[[ Data segment open ]]

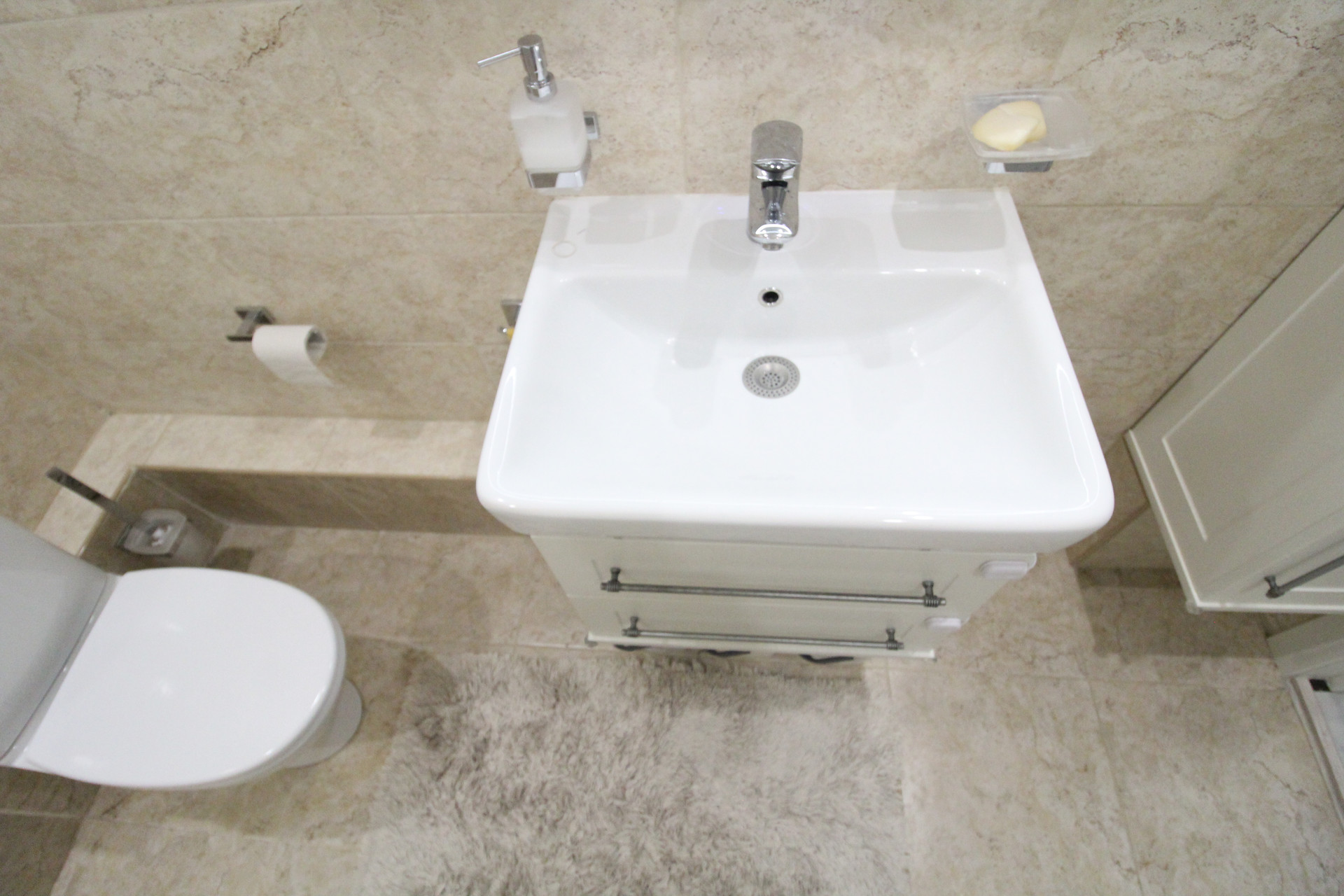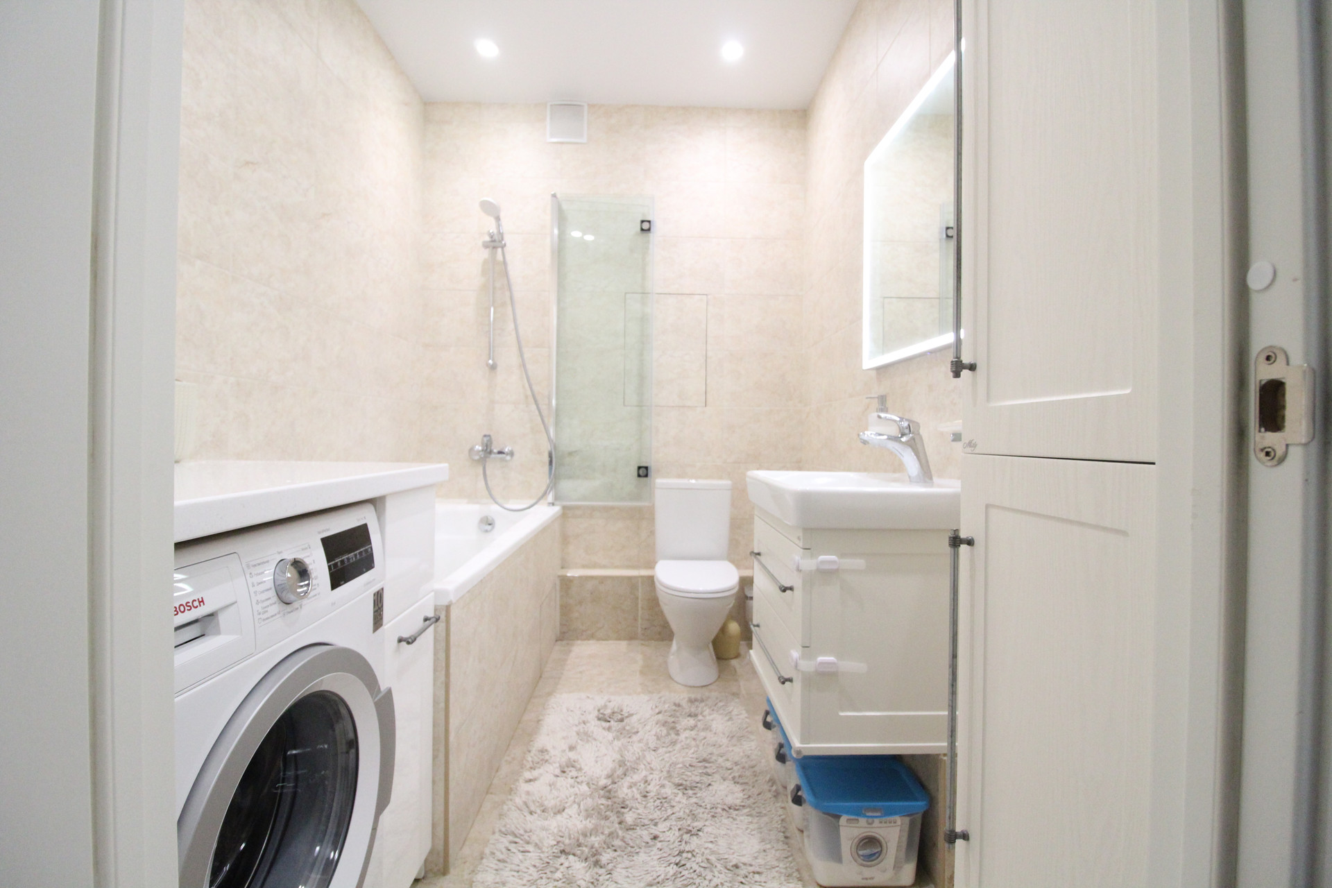 Ванная комната 4,9 кв м продумана до мелочей (от подобранной мебели с установленной каменной столешницей над стиральной машиной до стеклянной складной шторки для ванной). Продажа в связи с переездом. Один взрослый собственник. Свободная продажа. Возможна ипотека. Звоните.
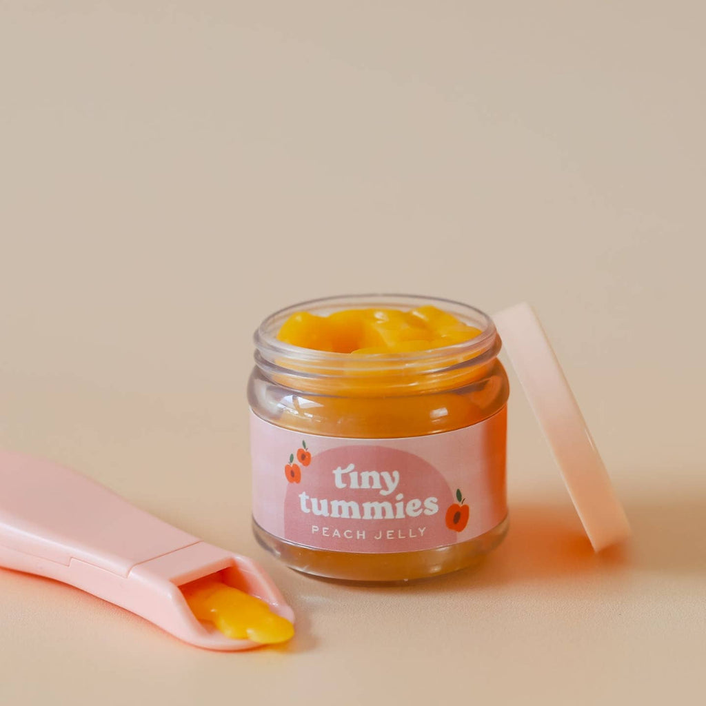 Feed your doll this delicious Tiny Tummies Peach Jelly food at meal times. Put the magic spoon in the jar and watch the food land on your spoon. Feed your doll and surprise, the food disappears as your doll eats!
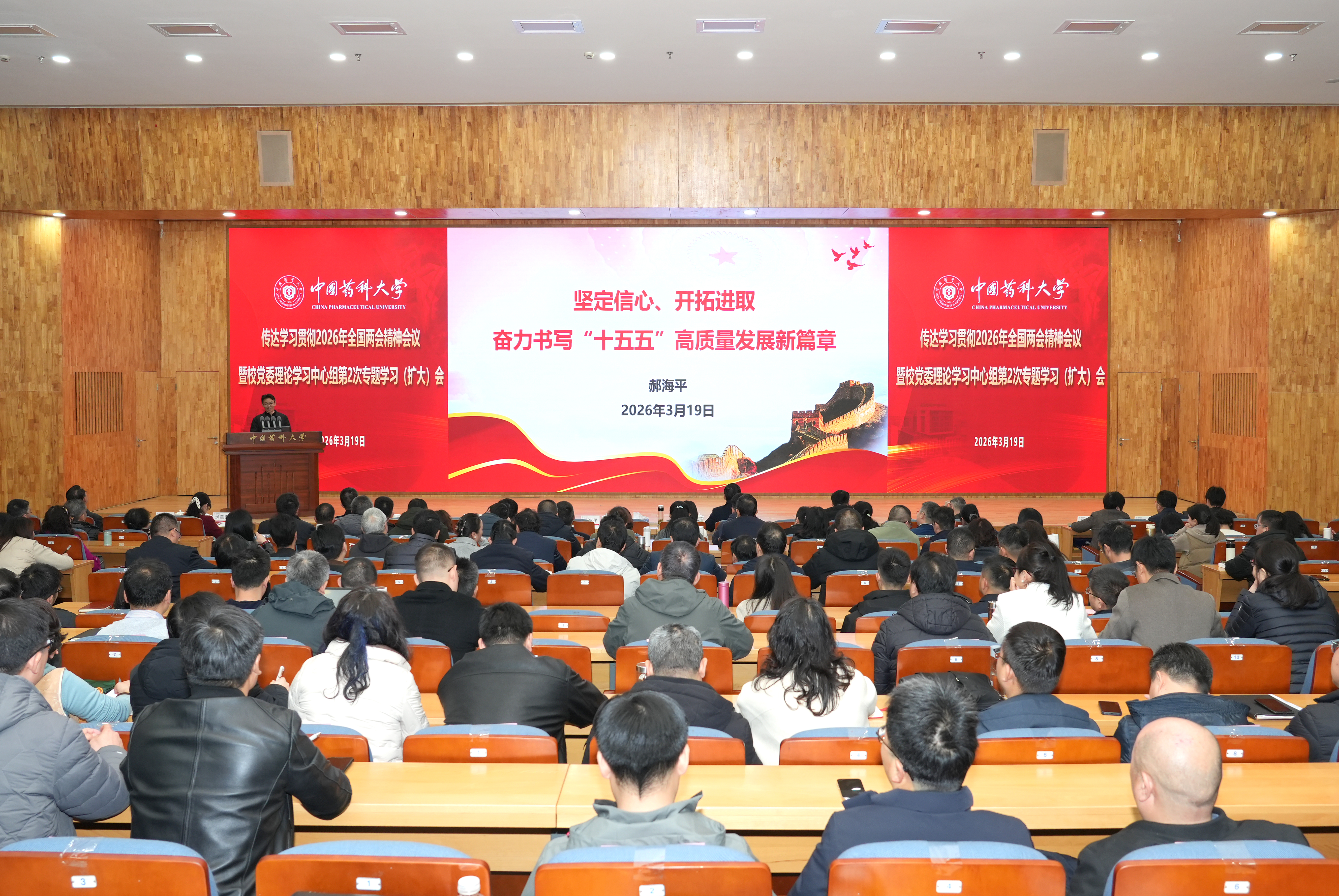 会上,全国政协委员、校长郝海平以《坚定信心、开拓进取,奋力书写“十五五”高质量发展新篇章》为题作专题辅导报告。他以全国两会“五大关键词”为切入点,系统介绍了2026年政府工作报告的主要内容,重点传达了习近平总书记在参加江苏代表团审议时的重要讲话精神以及习近平总书记在政协联组会上的重要讲话精神。与此同时,他简要介绍了个人履职情况,并结合学校实际和自身学习体会,深入阐明了正确政绩观的核心要义,畅谈了未来学校改革发展思路。他强调,政府工作报告中首次将生物医药列为“新兴支柱产业”,全校上下要锚定教育的政治属性、人民属性、战略属性,前瞻布局生物医药制造和人工智能等交叉学科的未来产业发展方向,加速推动“人工智能+医药”融合发展这一时代命题在学科建设、人才培养、科研攻关等方面从技术赋能迈向范式变革,持续深化有组织科研,强化跨学科协同攻关,力争在疾病机制与靶点发现、药物开发与优化、构建药物知识图谱等领域取得标志性突破,为打造原始创新策源地和人才培养高地贡献智慧和力量。

[[ Data segment closed ]]

**Exercise brief:**
Please return only the lines from the top of the data through the line with "Feed your doll this", exactly as written, and drop every picture.

**Expected answer:**
 Ванная комната 4,9 кв м продумана до мелочей (от подобранной мебели с установленной каменной столешницей над стиральной машиной до стеклянной складной шторки для ванной). Продажа в связи с переездом. Один взрослый собственник. Свободная продажа. Возможна ипотека. Звоните.
 Feed your doll this delicious Tiny Tummies Peach Jelly food at meal times. Put the magic spoon in the jar and watch the food land on your spoon. Feed your doll and surprise, the food disappears as your doll eats!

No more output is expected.